Highly conductive Poly(ε-caprolactone) and chitosan based polymer electrolyte for lithium metal battery

Poly (ε-caprolactone) (PCL) is an attractive polymer electrolyte material due to its ultralow glass transition temperature, high dielectric constant as well as excellent electrochemical stability, but its practical application has been greatly hindered due to the low ionic conductivity induced by the semi-crystalline structure. Herein, we elaborately modify PCL with chitosan (CS) to obtain an amorphous PCL-CS composite membrane, and develop a fast Li + conducting quasi-solid polymer electrolyte (QPE) with lithium bis(trifluoro methane sulphonyl)imide (LiTFSI) and merely 10 wt% plasticizer. The optimized QPE with 50 wt% LiTFSI exhibits an ionic conductivity of 7.7 × 10 −4 S cm −1 , which is the highest among PCL-based polymer electrolyte. Fourier Transform Infrared spectroscopy and Raman spectra reveal that Li + conducting via the solvation of partial plasticizer as well as contacted ionic clusters.

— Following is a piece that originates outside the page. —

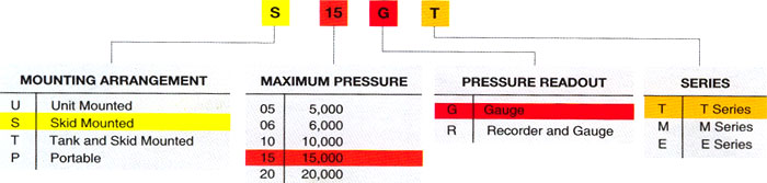 All High Pressure Test Units are equipped with a nameplate containing the unit model. This number contains the mounting arrangement, maximum pressure readout and series identification.

In addition, its excellent stability and compatibility are validated by the integrated symmetric Li//Li cell that exhibits an ultra-long cycling for over 1850 h with no Li dendrite formation. • A totally amorphous polymer framework has been designed. • A higher ionic conductivity than reported PCL based polymer electrolyte. • Li ion is efficiently conducted via dual pathways.